#### MATERIAL SUPPLIED:
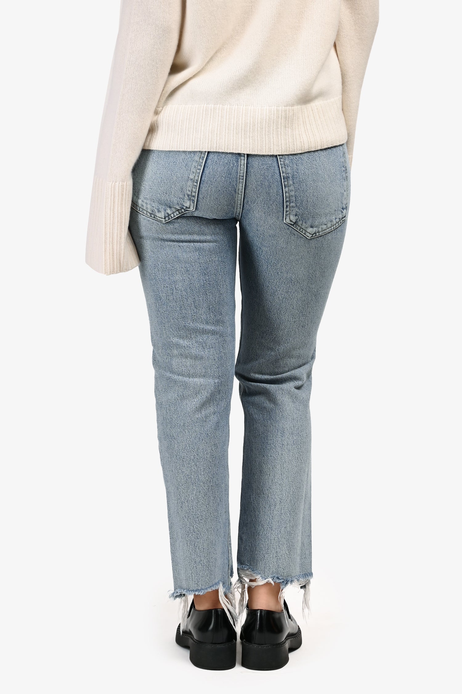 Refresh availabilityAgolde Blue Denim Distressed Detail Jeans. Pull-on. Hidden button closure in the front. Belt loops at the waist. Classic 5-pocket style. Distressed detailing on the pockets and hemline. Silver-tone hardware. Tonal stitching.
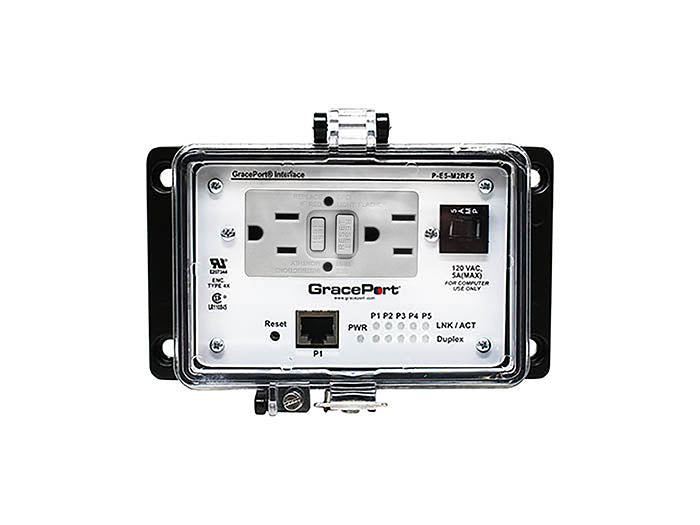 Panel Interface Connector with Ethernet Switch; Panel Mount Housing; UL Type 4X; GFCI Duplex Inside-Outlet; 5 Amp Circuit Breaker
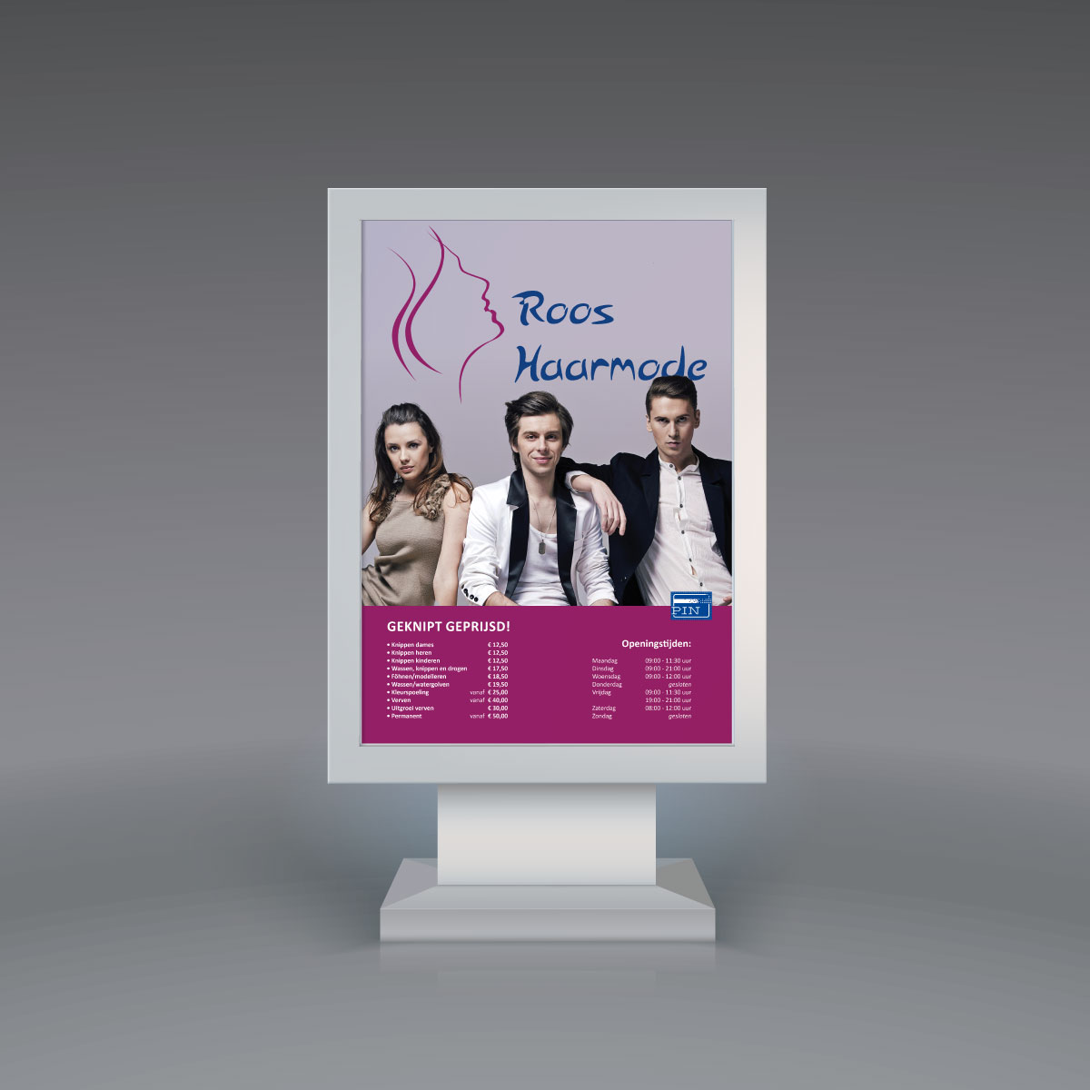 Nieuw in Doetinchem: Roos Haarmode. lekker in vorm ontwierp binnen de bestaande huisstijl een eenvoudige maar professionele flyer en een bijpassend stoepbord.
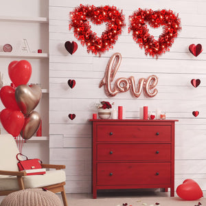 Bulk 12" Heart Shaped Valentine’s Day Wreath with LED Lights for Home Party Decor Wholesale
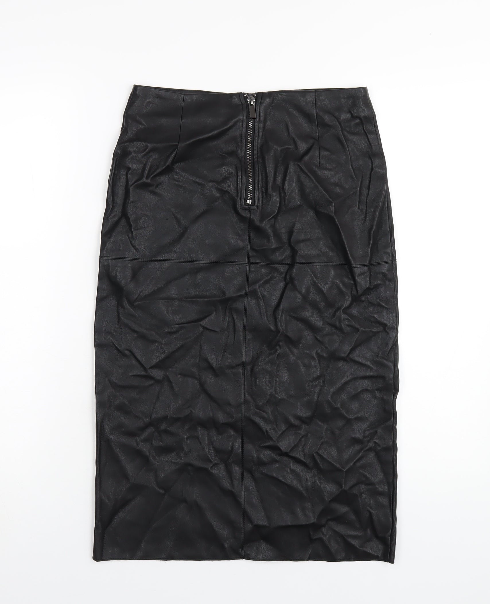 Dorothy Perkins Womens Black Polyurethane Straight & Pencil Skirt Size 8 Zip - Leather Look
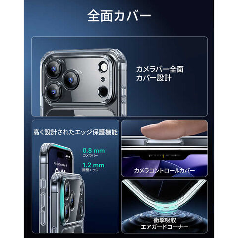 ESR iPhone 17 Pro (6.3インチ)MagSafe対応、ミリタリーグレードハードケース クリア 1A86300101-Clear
--
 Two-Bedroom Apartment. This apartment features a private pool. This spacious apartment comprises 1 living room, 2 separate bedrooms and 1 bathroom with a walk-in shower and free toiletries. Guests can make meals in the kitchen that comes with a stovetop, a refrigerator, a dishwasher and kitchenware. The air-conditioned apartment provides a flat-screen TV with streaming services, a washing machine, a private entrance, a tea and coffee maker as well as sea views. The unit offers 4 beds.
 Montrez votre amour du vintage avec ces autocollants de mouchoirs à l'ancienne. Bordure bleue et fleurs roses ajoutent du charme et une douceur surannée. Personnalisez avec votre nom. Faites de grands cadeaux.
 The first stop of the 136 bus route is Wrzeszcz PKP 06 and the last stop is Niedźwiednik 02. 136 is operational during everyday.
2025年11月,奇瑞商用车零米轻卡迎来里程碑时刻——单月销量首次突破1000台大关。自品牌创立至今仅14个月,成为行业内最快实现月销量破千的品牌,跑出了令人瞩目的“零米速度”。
--
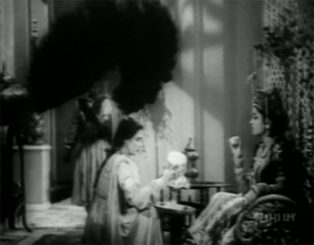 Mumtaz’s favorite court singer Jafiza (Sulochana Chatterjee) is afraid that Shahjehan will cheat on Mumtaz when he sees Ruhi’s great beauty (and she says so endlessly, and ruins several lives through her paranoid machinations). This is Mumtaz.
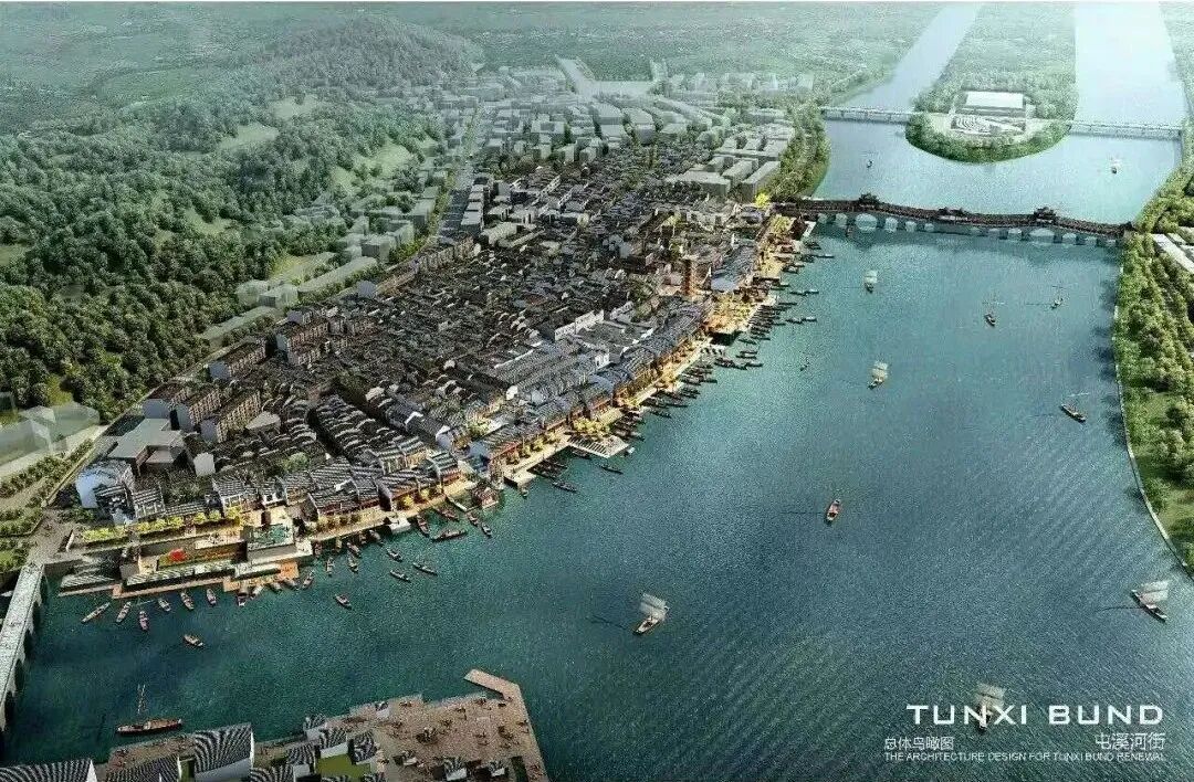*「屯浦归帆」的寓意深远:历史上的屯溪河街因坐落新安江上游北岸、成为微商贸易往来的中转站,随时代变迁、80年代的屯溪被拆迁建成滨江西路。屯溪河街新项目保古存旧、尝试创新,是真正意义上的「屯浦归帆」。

#### WHAT THIS TASK INVOLVES:
Output exactly the lines above, beginning at the one with "Party Decor Wholesale" and stopping after the one with "ESR iPhone 17". Pictures are to be omitted.

#### COMPLETED EXERCISE:
 Bulk 12" Heart Shaped Valentine’s Day Wreath with LED Lights for Home Party Decor Wholesale
 Dorothy Perkins Womens Black Polyurethane Straight & Pencil Skirt Size 8 Zip - Leather Look
 ESR iPhone 17 Pro (6.3インチ)MagSafe対応、ミリタリーグレードハードケース クリア 1A86300101-Clear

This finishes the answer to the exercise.